Dorothy Seastrom


Dorothy Seastrom was an American silent film actress.

Early life and career

Born in Texas, Seastrom got into acting after winning a beauty competition. Her family later relocated to Chicago. Her film career began in 1923 with the role of Eleanor Harmon in The Call of the Canyon, directed by Victor Fleming. Later she acted under the direction of Cecil B. Demille. She signed a five-year contract with First National Pictures in September 1925. Seastrom was called the "Candy Kid" at First National due to her taffy colored hair.
She appeared in The Perfect Flapper with Colleen Moore and Classified with Corinne Griffith. Seastrom barely avoided a potentially disfiguring accident during the filming of We Moderns. A shower of sparks from a short-circuited light fell upon her hair and shoulders at the United Studios. Seastrom escaped injury when assistant director James Dunne grabbed a tablecloth from a prop table and covered the actress's head. Electricians shut off the power to a light which hung from the fly system above the scene. Seastrom made a full recovery from the burns she sustained. She returned to complete the film.

Death

Due to declining health, Seastrom returned to Dallas for a rest in the fall of 1925 where she became ill. Physicians ordered her to a rest sanatorium for several months. It was feared that if she continued working, she would be forced out of movies completely.
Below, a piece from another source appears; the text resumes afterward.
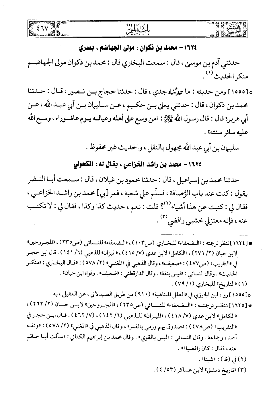 (1) * [1624] تنظر ترجمته: «الضعفاء» للبخاري (ص103) , «الضعفاء» للنسائي (ص235) , «المجروحين» لابن حبان (2/ 271) , «الكامل» لابن عدي (7/ 415) , «الميزان» للذهبي (6/ 141). قال ابن حجر في «التقريب» (ص477): «ضعيف» , وقال الذهبي في «المغني» (2/ 578): «قال البخاري: «منكر الحديث». وقال النسائي: «ليس بثقة». وقال الدارقطني: «ضعيف». وقواه ابن حبان».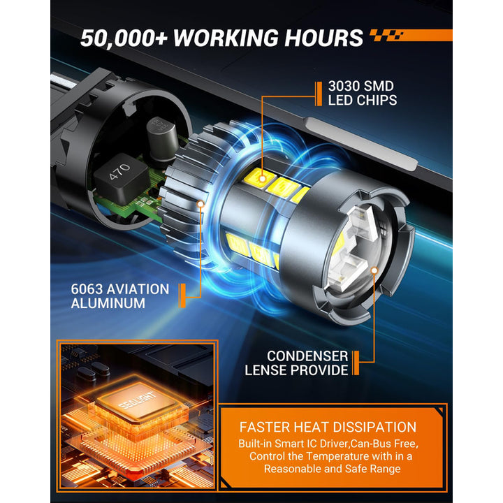 Estas bombillas funcionan gracias a los avanzados chips 3030-SMD, que ofrecen una salida de luz increíblemente fuerte y clara. La carcasa de aluminio de aviación garantiza que el calor se disipe rápidamente gracias al circuito integrado, que ajusta la temperatura optimizando el rendimiento.

First National management agreed to hold the starting date of her contract temporarily, until she regained her health. She lost a role in Irene, which she was scheduled to make with Colleen Moore. Her frail strength and a hard work regimen left her a victim of tuberculosis.
She was taken by her husband, Francis Corby to a sanatorium in California to recuperate. In 1926, Seastrom returned and appeared in her final film It Must Be Love. Seastrom died of tuberculosis in Dallas on January 31, 1930, aged 26.